*Aim of the task*:
Make an exact copy of the records below, excluding images.

[Collection entries]
Start of Block
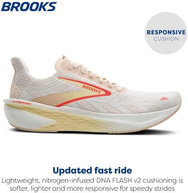 Designed to help you tap into that punchy, speedy feeling, the women's Hyperion 2 running shoes deliver more of our light, responsive cushion than before for more softness underfoot. The streamlined fit and breathable mesh upper work with the cushioning to offer a versatile, performance-ready shoe.
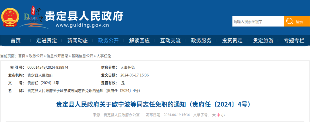 贵定县人民政府关于欧宁波等同志任免职的通知
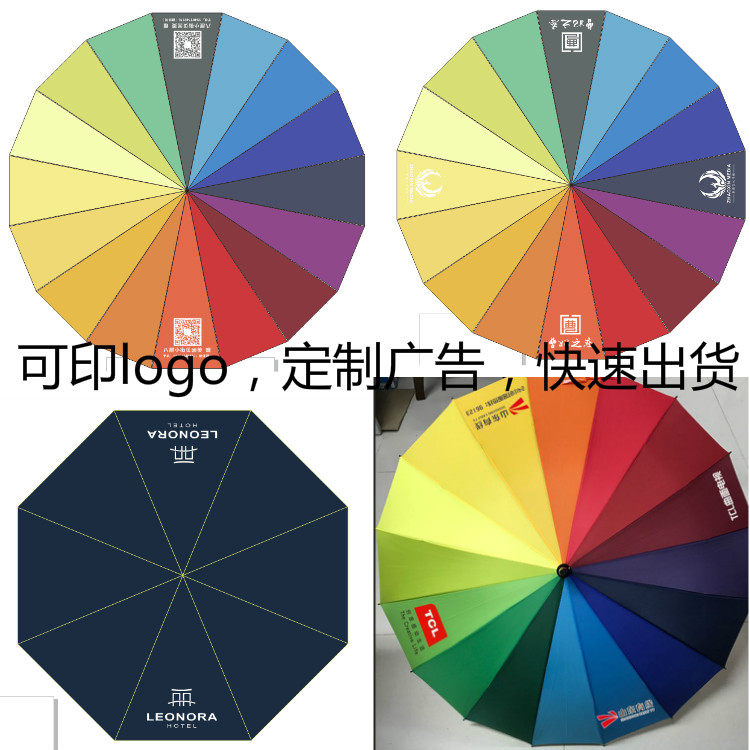 Двойной зонтик с длинной зонтикой 16 кость радужная зонтика Женская чистого цвета зонтик на заказ на открытом воздухе рекламная реклама логотип печать зонтика
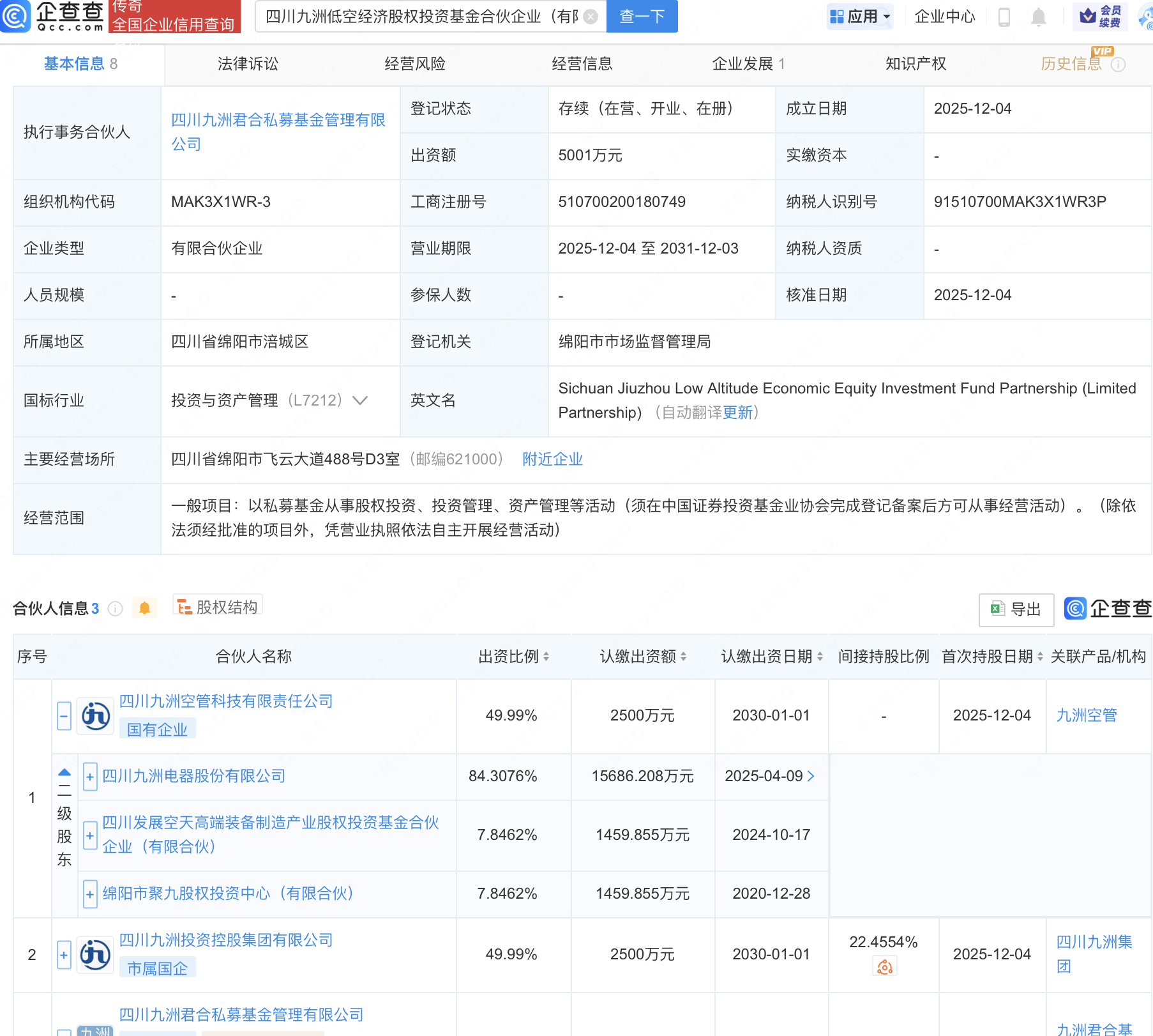 企查查APP显示,近日,四川九洲低空经济股权投资基金合伙企业(有限合伙)成立,经营范围包含:以私募基金从事股权投资、投资管理、资产管理等活动。企查查股权穿透显示,该企业由四川九洲(000801)旗下四川九洲空管科技有限责任公司等共同出资。
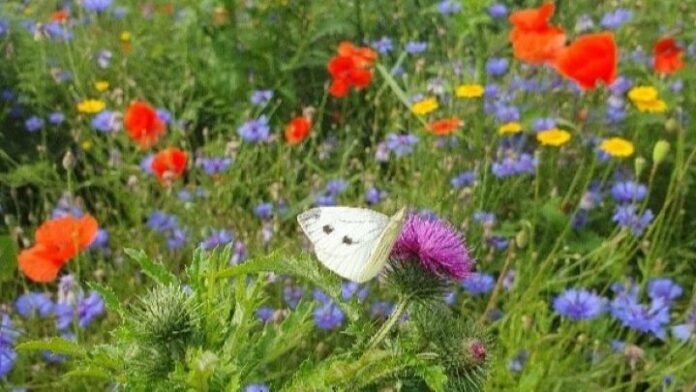 Ein Jahr nach der Flächenbearbeitung kann man die Farbenpracht der Wildkräuterfläche mit einer Vielzahl von Bienen, Schmetterlingen und Libellen bewundern.
End of Block
*Exercise output*:
 Designed to help you tap into that punchy, speedy feeling, the women's Hyperion 2 running shoes deliver more of our light, responsive cushion than before for more softness underfoot. The streamlined fit and breathable mesh upper work with the cushioning to offer a versatile, performance-ready shoe.
 贵定县人民政府关于欧宁波等同志任免职的通知
 Двойной зонтик с длинной зонтикой 16 кость радужная зонтика Женская чистого цвета зонтик на заказ на открытом воздухе рекламная реклама логотип печать зонтика
 企查查APP显示,近日,四川九洲低空经济股权投资基金合伙企业(有限合伙)成立,经营范围包含:以私募基金从事股权投资、投资管理、资产管理等活动。企查查股权穿透显示,该企业由四川九洲(000801)旗下四川九洲空管科技有限责任公司等共同出资。
 Ein Jahr nach der Flächenbearbeitung kann man die Farbenpracht der Wildkräuterfläche mit einer Vielzahl von Bienen, Schmetterlingen und Libellen bewundern.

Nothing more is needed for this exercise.